As we had explored in previous classes, division is subtraction again and again and again, multiplication is adding again and again.  Exponentiation is multiply again and again and again— They are all inventions to simplify repeated computation.

So is the invention of logarithm: taking log is division again and again and again.   They were invented by John Napier who was a Scottish mathematician, physicist, and astronomer  in 1614 as a means to simplify calculations.
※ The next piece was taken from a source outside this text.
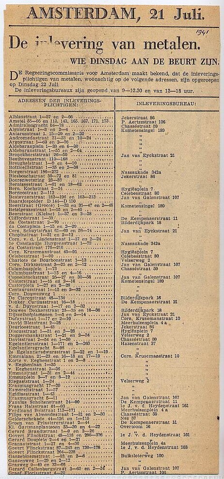Krantenknipsel met een lijst van "Adressen der inleveringsplichtigen" en van inleveringsbureau ‘s voor het inleveren van metalen.

🙂 Today’s  Python numpy class summary:

Log10 means how many times divide by 10 will return you to 1. log10(100) will give you 2 because 100 divide by 10 twice returns us to one.
>>> np.log10(100)
One trillion divide by 10 twelve times returns it to 1.
>>> np.log10(1000000000000)

>>> np.linspace(0.0, 3.0, num=4)
Out: array([0., 1., 2., 3.])

>>> np.logspace(0.0, 3.0, num=4)
Out: array([   1.,   10.,  100., 1000.])

>>> np.linspace(0.0, 12.0, num=13)
Out: array([ 0.,  1.,  2.,  3.,  4.,  5.,  6.,  7.,  8.,  9., 10., 11., 12.])
>>> np.logspace(0.0, 12.0, num=13)
Out: array([1.e+00, 1.e+01, 1.e+02, 1.e+03, 1.e+04, 1.e+05, 1.e+06, 1.e+07, 1.e+08, 1.e+09, 1.e+10, 1.e+11, 1.e+12])

Bonus:  Did you know that Engineers and scientists used to use a tool called “slide rule” (计算尺) to do logarithmic computations until 1970s when electronic computer and calculators came into use.  You should go and check it out if any of your grandparents have one of these.